Do you clam up when you're working on a document and hear the familiar "ding" of a new email arriving in your inbox? Does your heart skip a beat when your phone vibrates in the middle of a workday because your friend or significant other sent you a text message? Do you wince when your phone rings, or a co-worker stops by your desk for a visit?
If you do, you're not alone. As it turns out, lots of people feel anxious about unplanned communication. And it's not because they're antisocial. It's because they're busy. Really, really busy.
"You want to connect with … people and maintain a relationship, so why does communication from them or requests like going out to lunch feel like a threat?" author Elizabeth Grace Saunders writes in an article for the Harvard Business Review
. "In a society where people have the ability to communicate instantly, a quick response can become an expectation. But it's an expectation that we can't always meet, especially when we're trying to get work done. This gap between expectations and what we can actually do can lead to a lot of guilt, especially when it comes to the people closest to us. When left unaddressed, this guilt can manifest in a fight-or-flight response -- we snap at people who interrupt or simply ignore attempts at connection."
If you want spontaneous communications to bring delight instead of dread, try to build some breathing room into your schedule.

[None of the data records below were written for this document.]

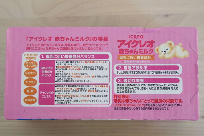 パッケージには、母乳に近い栄養成分、常温で飲めること、調乳が不要であることなど「アイクレオ 赤ちゃんミルク」の特徴が表記されています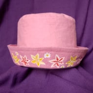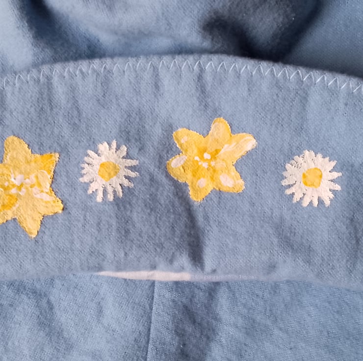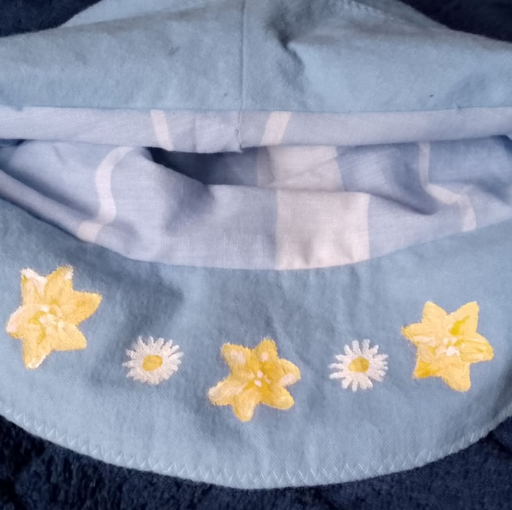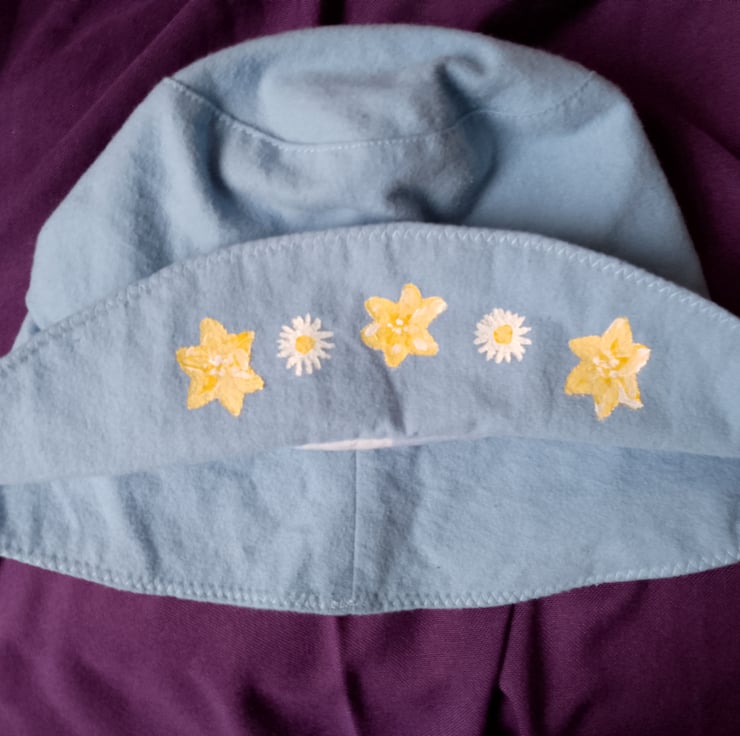 Hat for teens, powder blue with yellow painted flowers.
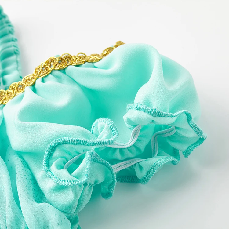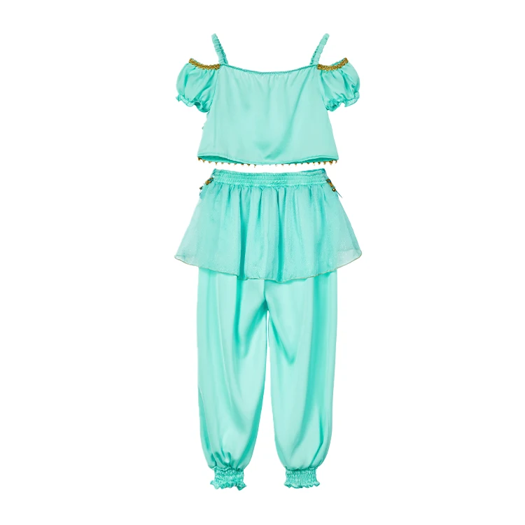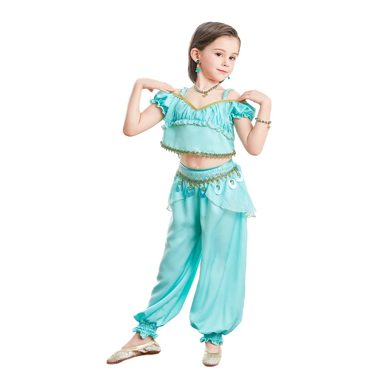Green Jade Children's Anime Costumes Top Belly Dance Dress Girls Arabian Princess Jasmine Look Cut-Out Design Jewelry Polyester

"A lack of margin in your schedule can make you cranky … Instead of welcoming human connection, you shrink away from it because you're concerned it will stand in the way of keeping up with work," Saunders notes. "If this is the reason you feel irritated by people reaching out during the workday … block out times in your calendar and privately label that time 'margin.'"
Think of it as wiggle room: "Margin" time gives you enough space in your schedule that you can actually welcome unplanned interruptions instead of shrinking from them.